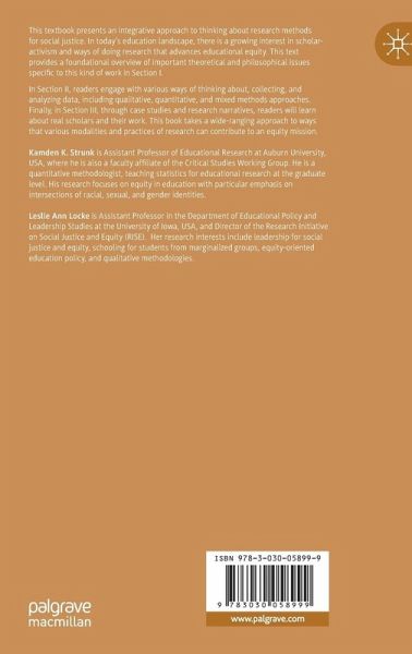 This textbook presents an integrative approach to thinking about research methods for social justice. In today's education landscape, there is a growing interest in scholar-activism and ways of doing research that advances educational equity. This text provides a foundational overview of important theoretical and philosophical issues specific to this kind of work in Section I. In Section II, readers engage with various ways of thinking about, collecting, and analyzing data, including qualitative, quantitative, and mixed methods approaches. Finally, in Section III, through case studies and research narratives, readers will learn about real scholars and their work. This book takes a wide-ranging approach to ways that various modalities and practices of research can contribute to an equity mission.
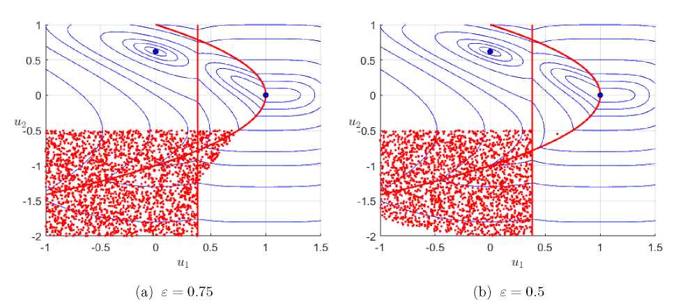 На рис. 2–4 синими точками показаны два решения и данной задачи, а синие линии являются линиями уровня функции Красные линии соответствуют границам между областями активности разных гладких кусочных отображений, и, в частности, состоят из точек в которых содержит более одного индекса.
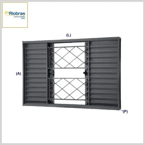 Veneziana de Correr Central (Aço) s/Fl.Vidro Grade Xadrez - Medidas: 100[A] x 102[L] x 13,0[P] cm - Riobras
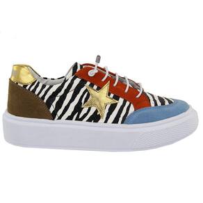 Tenis Feminino Casual Camurça Fechamento Cadarço Animal Print Zebra Palmilha Gel Macia Dia a Dia - 36 - Azul Claro
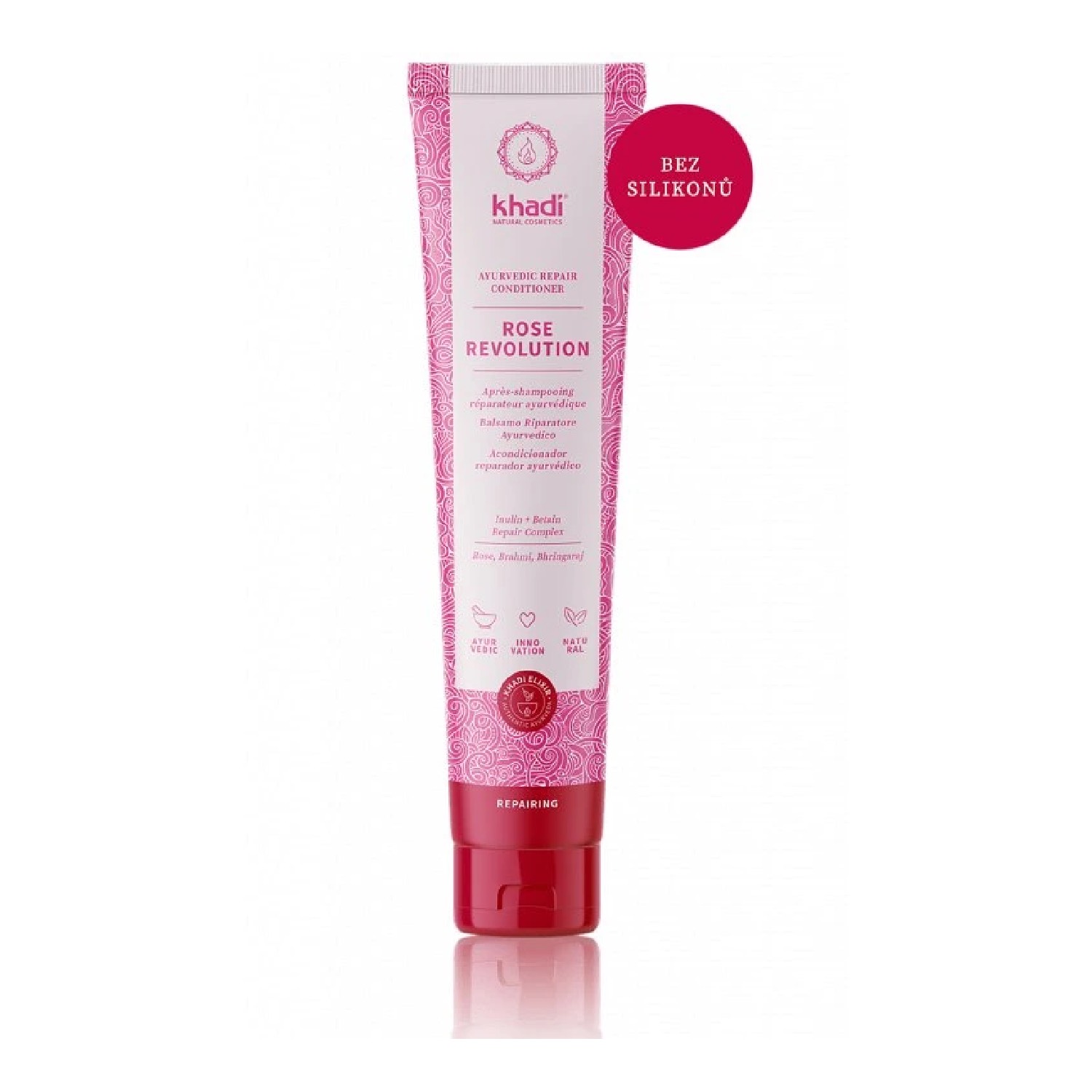 V kondicionéru Růže Revolution, stojícím na ajurvédě, spojuje Khadi sílu ajurvédy a nejnovější výzkumy v oblasti přírodní vlasové péče. Spolupůsobí v něm tak nově vyvinutý reparační komplex inulin-betain a Khadi elixír Růže Reparace, originální ajurvédský koncentrát, získaný podle prastarých tradic z ručně sbíraných indických pečujících rostlin, jako amla, brahmi, bhringaraj, ibišek či lékořice, jakož i z cenných růžových květů. Jeho intenzivně pečující vlastnosti stojí na ajurvédské filozofií, která říká, že zdravé vlasy souvisejí s rovnováhou vnitřní a vnější krásy.

....

*ASSIGNMENT*: Everything from the line containing "Tenis Feminino Casual" to the last line of the listing above must be reproduced exactly, with no pictures included.

*EXERCISE ANSWER*:
 Tenis Feminino Casual Camurça Fechamento Cadarço Animal Print Zebra Palmilha Gel Macia Dia a Dia - 36 - Azul Claro
 V kondicionéru Růže Revolution, stojícím na ajurvédě, spojuje Khadi sílu ajurvédy a nejnovější výzkumy v oblasti přírodní vlasové péče. Spolupůsobí v něm tak nově vyvinutý reparační komplex inulin-betain a Khadi elixír Růže Reparace, originální ajurvédský koncentrát, získaný podle prastarých tradic z ručně sbíraných indických pečujících rostlin, jako amla, brahmi, bhringaraj, ibišek či lékořice, jakož i z cenných růžových květů. Jeho intenzivně pečující vlastnosti stojí na ajurvédské filozofií, která říká, že zdravé vlasy souvisejí s rovnováhou vnitřní a vnější krásy.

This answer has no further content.